Start of Data to use

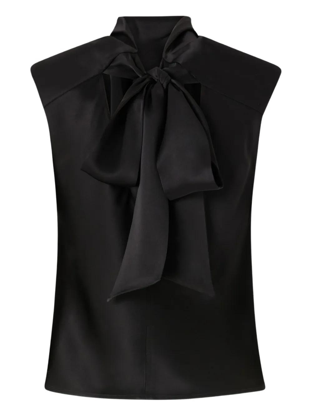 black draped detailing sleeveless high neck bow detail to the back back fastening
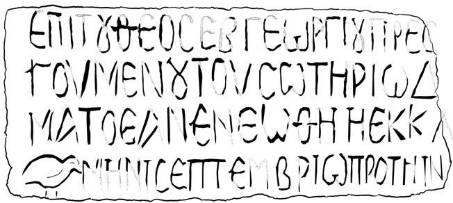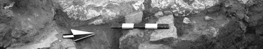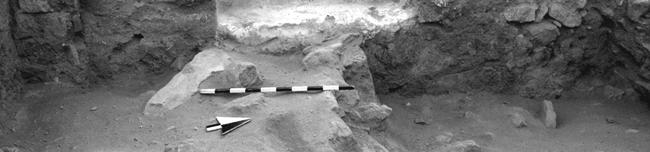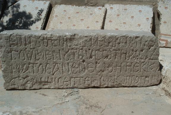 Inscripción en un dintel: Tall Hisbán, campo M, área 5, 2001. Keith Mattingly y Theodore W. Burgh
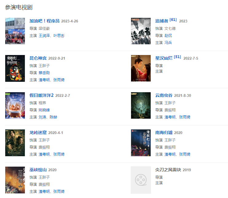 2017年,主演電視劇《伙頭軍客?!?span lang="EN-US"> ;12月8日,主演的國(guó)內(nèi)首部反電信詐騙電影《巨額來(lái)電》上映。
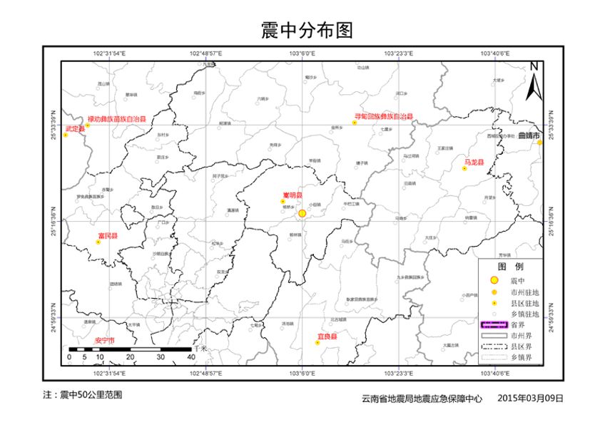据中国地震台网中心测定,北京时间2015年3月9日17时59分42秒,云南省昆明市嵩明县(北纬25....
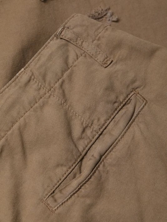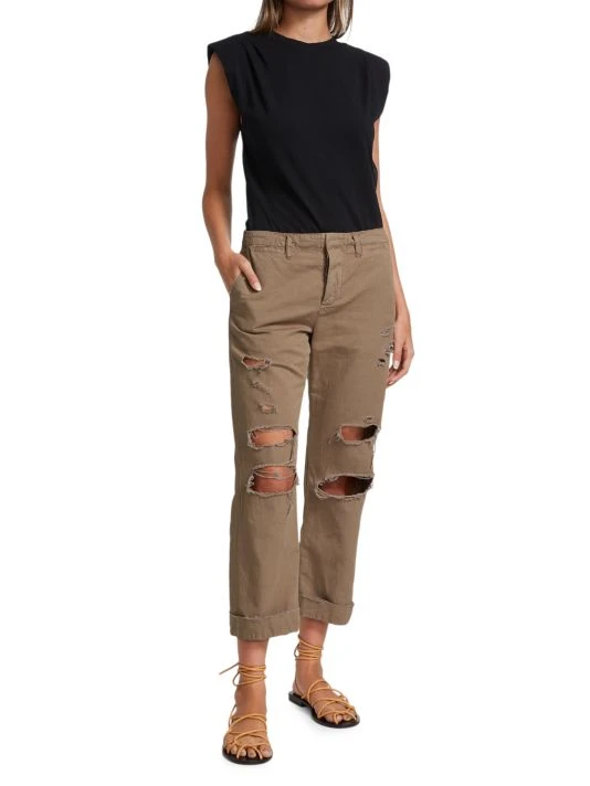 High-rise cotton twill trousers with distressed details and a relaxed fit.

End of Data to use

What you are asked to do => Set down a word-for-word copy of the records, dropping any picture.

Output =>
 black draped detailing sleeveless high neck bow detail to the back back fastening
 Inscripción en un dintel: Tall Hisbán, campo M, área 5, 2001. Keith Mattingly y Theodore W. Burgh
 2017年,主演電視劇《伙頭軍客?!?span lang="EN-US"> ;12月8日,主演的國(guó)內(nèi)首部反電信詐騙電影《巨額來(lái)電》上映。
据中国地震台网中心测定,北京时间2015年3月9日17时59分42秒,云南省昆明市嵩明县(北纬25....
 High-rise cotton twill trousers with distressed details and a relaxed fit.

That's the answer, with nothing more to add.